Output, exactly and with no pictures, the line that contains "This remarkable Drop" and every line that comes after it in the data below, the last one included.
================
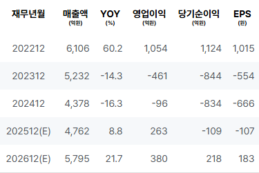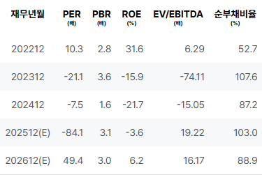 2025년 이전의 펀더멘탈 분석에 따르면, 2022년에는 매출 및 순이익이 긍정적인 결과를 보였습니다. 그러나 2023년에는 모든 주요 수치가 부정적으로 전환되어 영업이익과 순이익 모두 적자가 발생하였습니다. 2024년에도 이러한 추세가 이어지며, 매출과 순이익 모두 컨디션이 악화되었습니다. |
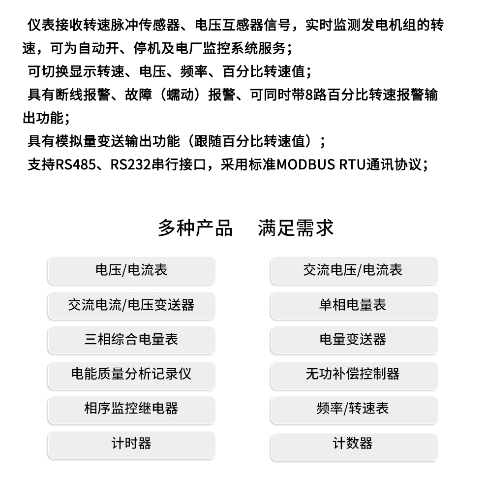虹潤(rùn)公司是專(zhuān)業(yè)生產(chǎn)頻率表的國(guó)家專(zhuān)精特新“小巨人”企業(yè)。生產(chǎn)的電廠(chǎng)專(zhuān)用轉(zhuǎn)速表,具有雙屏LED 數(shù)碼顯示,脈沖/電壓主輔輸入,峰值記憶,支持RS485/RS232通訊等特點(diǎn)。產(chǎn)品獲得基于儀表殼體、一種儀表電源等2項(xiàng)國(guó)家發(fā)明專(zhuān)利,主持起草流程工業(yè)中電氣/儀表和控制系統(tǒng)的試車(chē)國(guó)家標(biāo)準(zhǔn),通信系統(tǒng)多通道數(shù)據(jù)采集控制終端規(guī)范軍用標(biāo)準(zhǔn),以及現(xiàn)場(chǎng)設(shè)備集成等5項(xiàng)智能制造國(guó)家標(biāo)準(zhǔn)。參與國(guó)際5G標(biāo)準(zhǔn)制定,取得頻率轉(zhuǎn)速儀表等2項(xiàng)相關(guān)軟件著作權(quán)。產(chǎn)品廣泛應(yīng)用于電力系統(tǒng)、機(jī)械制造、汽車(chē)工業(yè)、航空航天、船舶海事、冶金礦山等行業(yè)的頻率與轉(zhuǎn)速參數(shù)監(jiān)測(cè)。
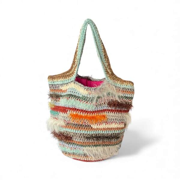 MODELL: ILKNUR Large, Farbe Rot, Pink, Bordeaux, Feuerrot, Lurex in Pink und Rot uvm. . Innenfutter Hellrosa Handwerkstechnik: Häkel Maße: 46x50cm, Boden ca 26cm , Träger ca 55 cm LängeWarum du sie lieben wirst:
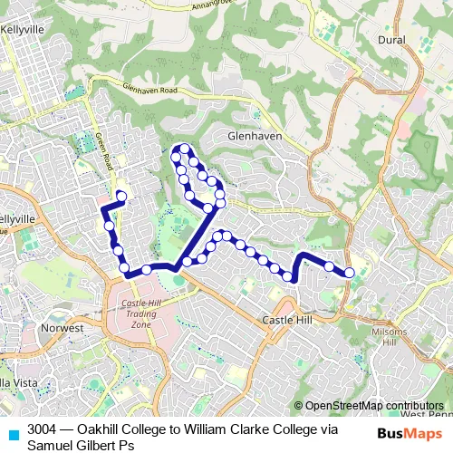 The first stop of the 3004 bus route is Oakhill College, Old Northern Rd and the last stop is William Clarke College, Morris Gr. 3004 (Oakhill College to William Clarke College via Samuel Gilbert Ps) is operational during on weekdays.
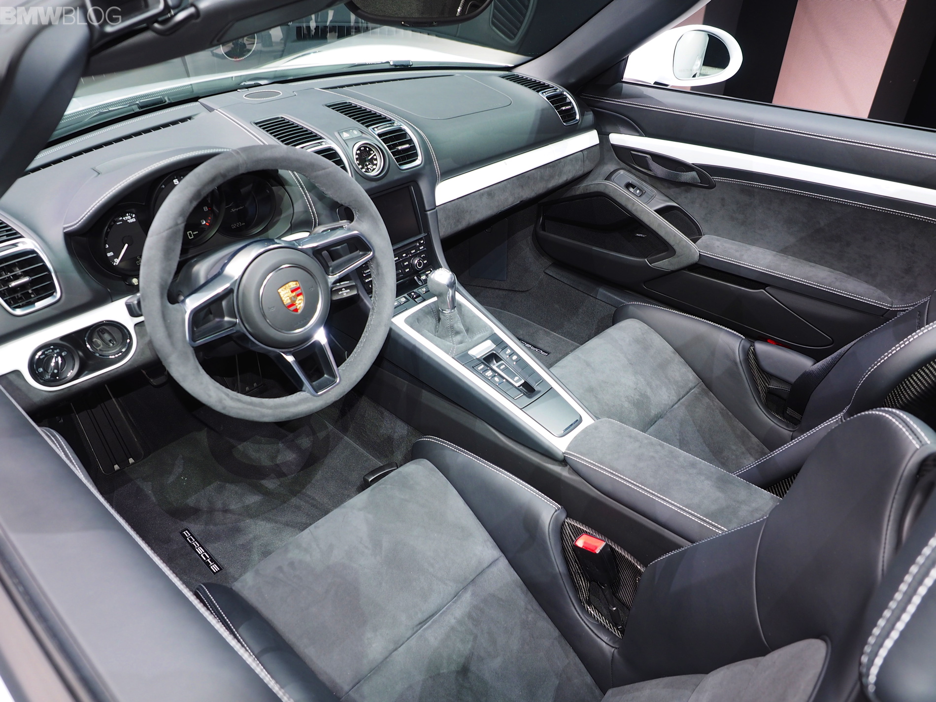 Porsche’s also stripped out the interior by replacing the leather seats with faux-suade ones, replacing the door pull with cloth straps and even reducing the diameter of the steering wheel. Porsche’s also removed the air conditioning and radio to reduce weight, though both are no-cost optional extras. Extreme stuff.
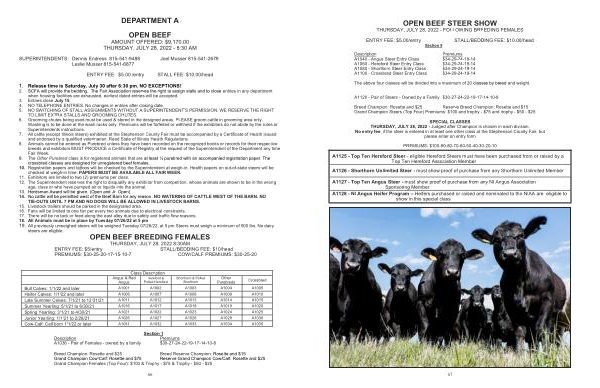 OPEN BEEF STEER SHOW THURSDAY , JULY 28 , 2022 - FOLLOWING BREEDING FEMALES
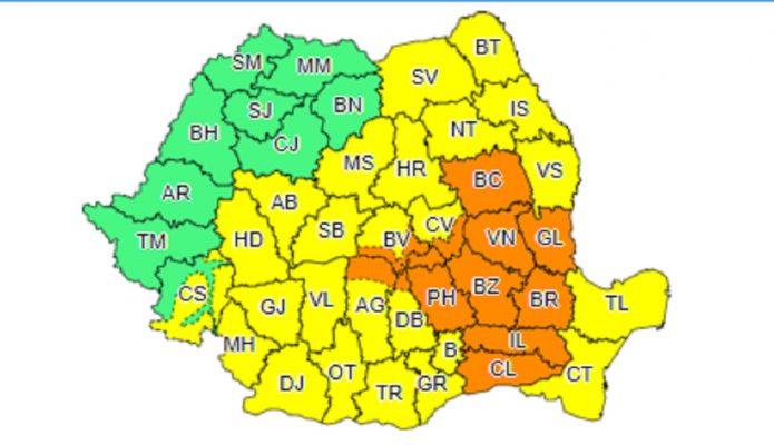 De asemenea, de la ora 12.00, până sâmbătă la ora 23.00, va fi cod portocaliu în judeţele Bacău, Galaţi, Vrancea, Brăila, Ialomiţa, Călăraşi, Buzău, Prahova şi în zona de munte a judeţelor Dâmboviţa, Argeş, Braşov şi Covasna.
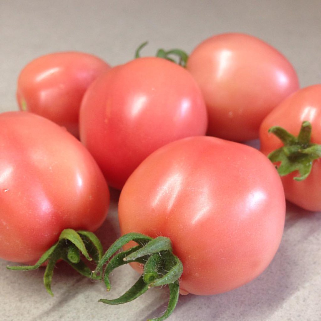 Héritage ancien pour les terrains ouverts et les serres. Tomate indéterminée, la plante atteint 250-300 cm (100-120 po) de hauteur. Tomates roses en forme de prune, poids 70-100g (2.5-3.5oz.) avec un excellent goût. Utilisez frais et en conserve.
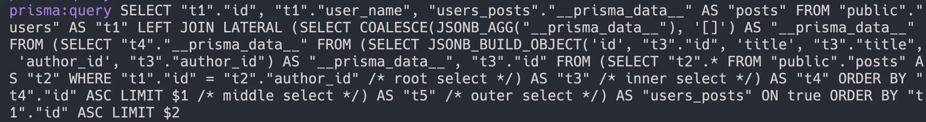 Retrieving 10 users and their respective 3 posts, as shown in the example above, appears straightforward and intuitive with Prisma. We don't need to craft long and complicated queries using LATERAL JOIN, as demonstrated in the image above. I pretty printed the query above and got the following:
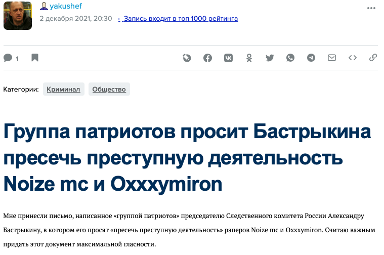 В связи с изложенным просим Вас принять меры по пресечению преступной деятельности Noize mc (Иван Алексеев) и Oxxxymiron (Мирон Федоров).
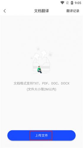 4、再次点击上传文件,用户需要将翻译的文件上传到软件中即可翻译;
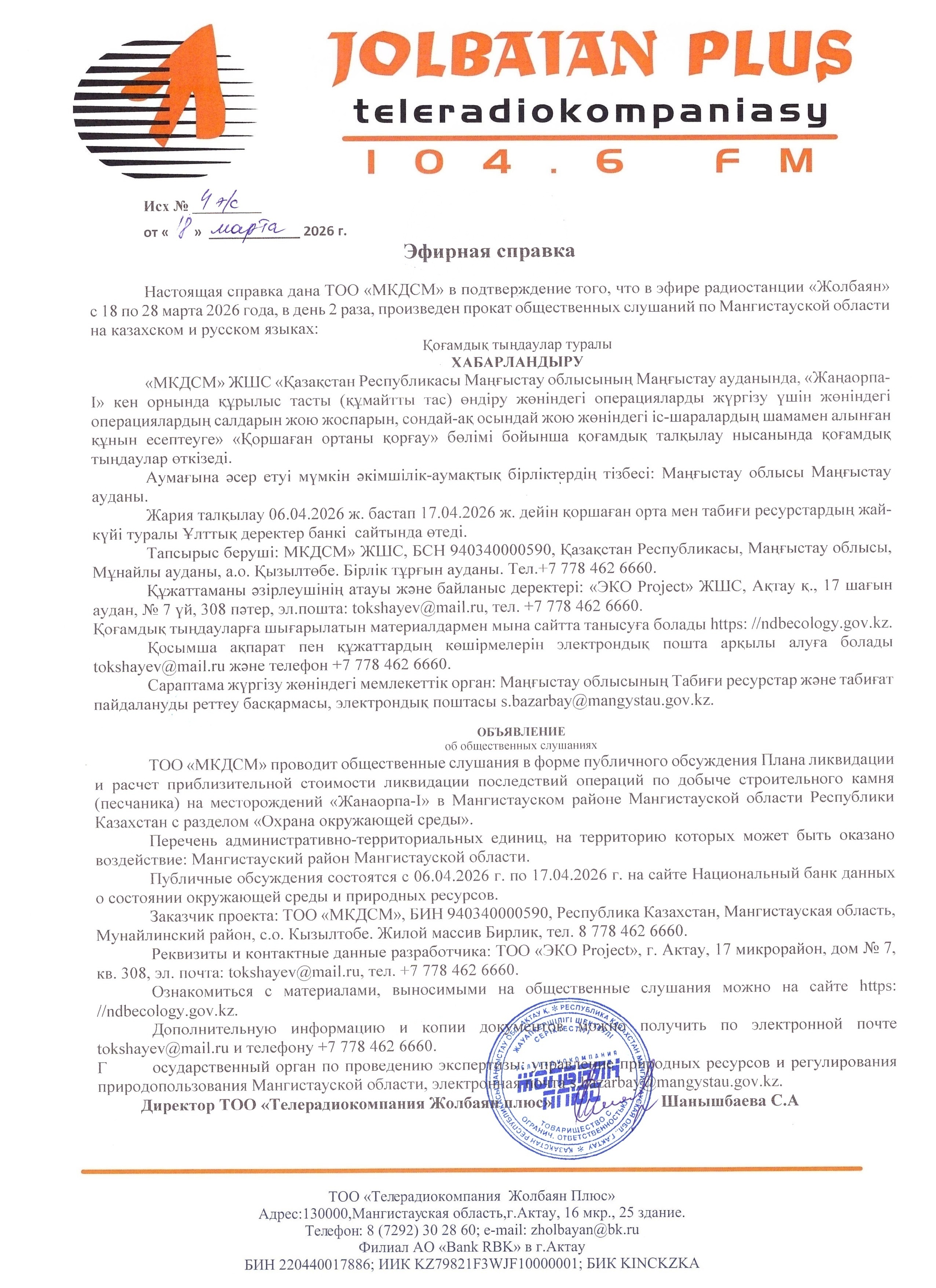 2. Период проведения общественных слушаний: 06.04.2026 - 17.04.2026
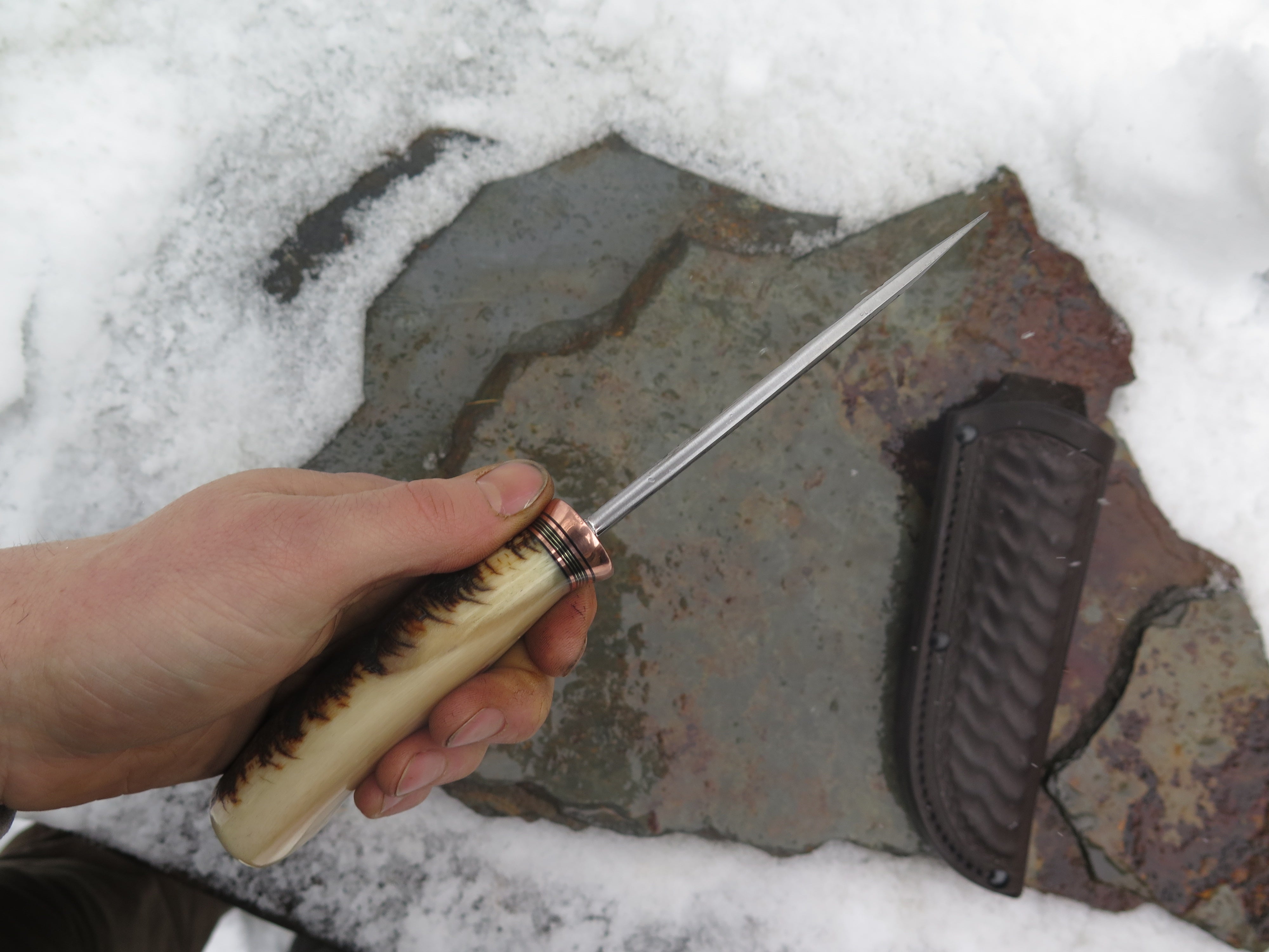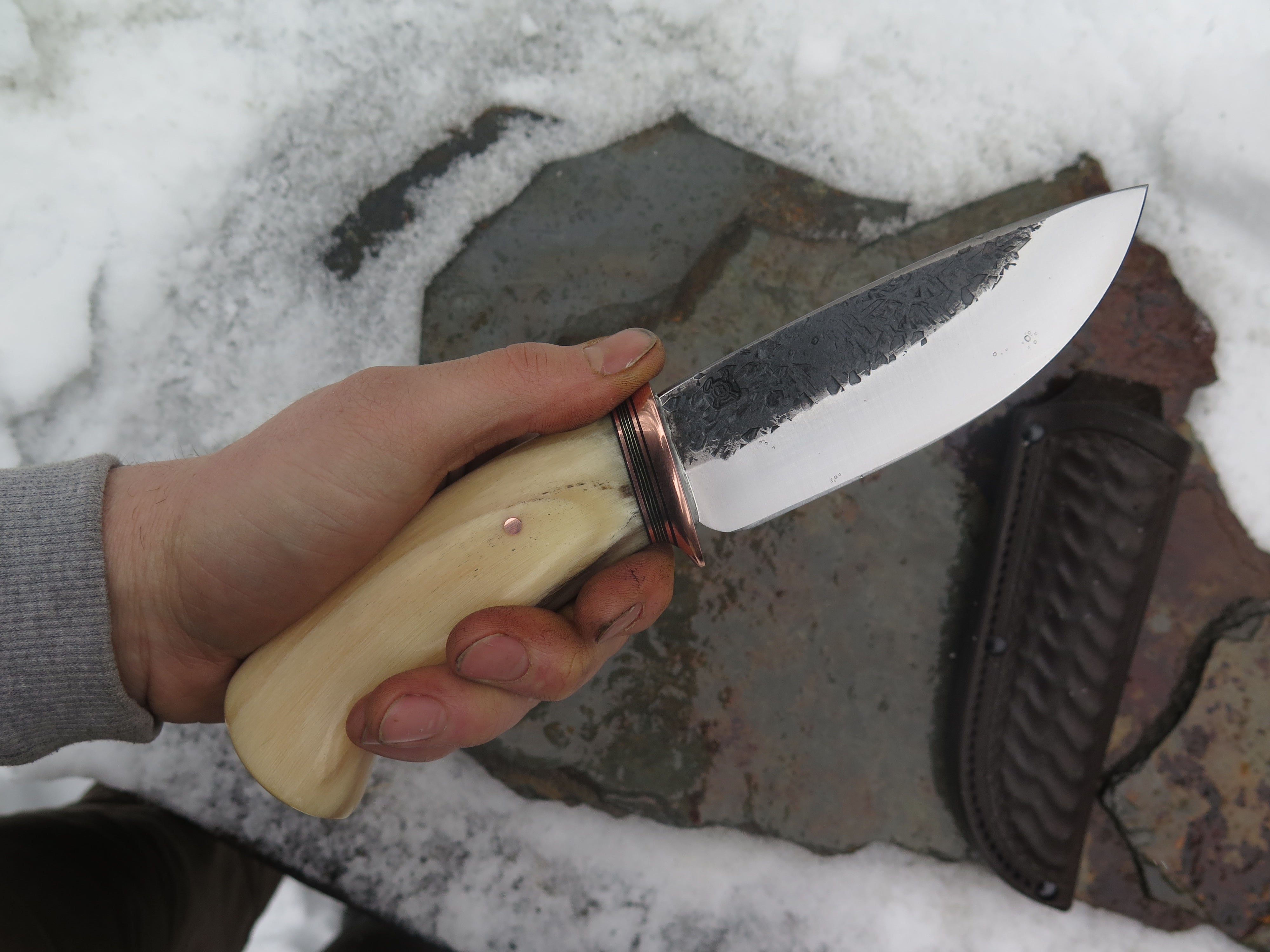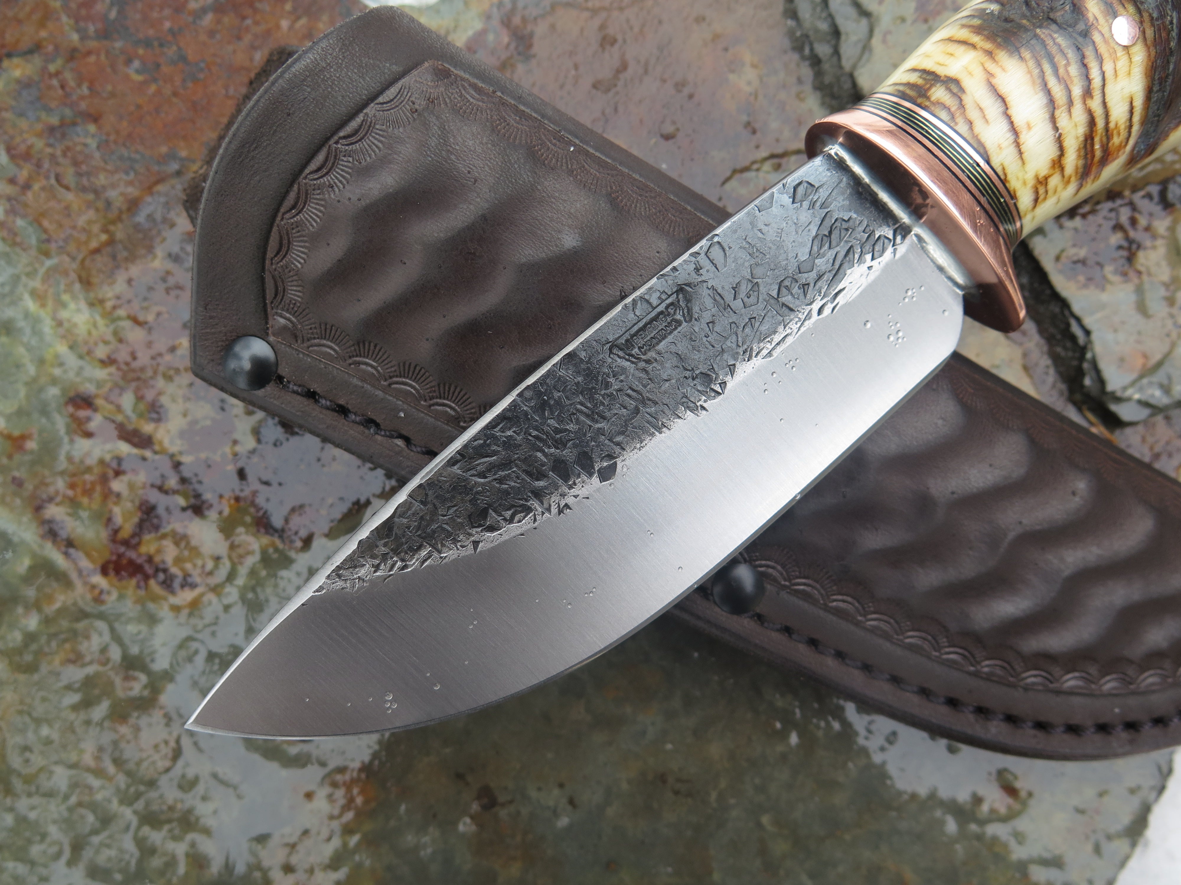 This remarkable Drop Point from Behring Made© is hand forged from 3/16" thick high carbon 01 tool steel and it measures 5" from tip to guard with a razor sharp convex grind. The copper guard is soldered in place above black, brass and copper spacers in addition to the top shelf Dall's sheep horn handle with a wonderful texture and color range. The overall length measures 9 1/2" and it comes in a full cover classic belt pouch sheath.
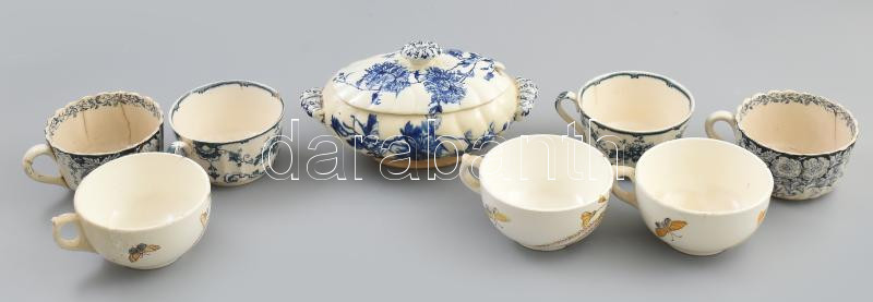 Leírás: cca 1880-1900 7 darab antik angol teáscsésze + szószkínáló edény, közte jelzéssel, sérülésekkel
================
• Response box:
 This remarkable Drop Point from Behring Made© is hand forged from 3/16" thick high carbon 01 tool steel and it measures 5" from tip to guard with a razor sharp convex grind. The copper guard is soldered in place above black, brass and copper spacers in addition to the top shelf Dall's sheep horn handle with a wonderful texture and color range. The overall length measures 9 1/2" and it comes in a full cover classic belt pouch sheath.
 Leírás: cca 1880-1900 7 darab antik angol teáscsésze + szószkínáló edény, közte jelzéssel, sérülésekkel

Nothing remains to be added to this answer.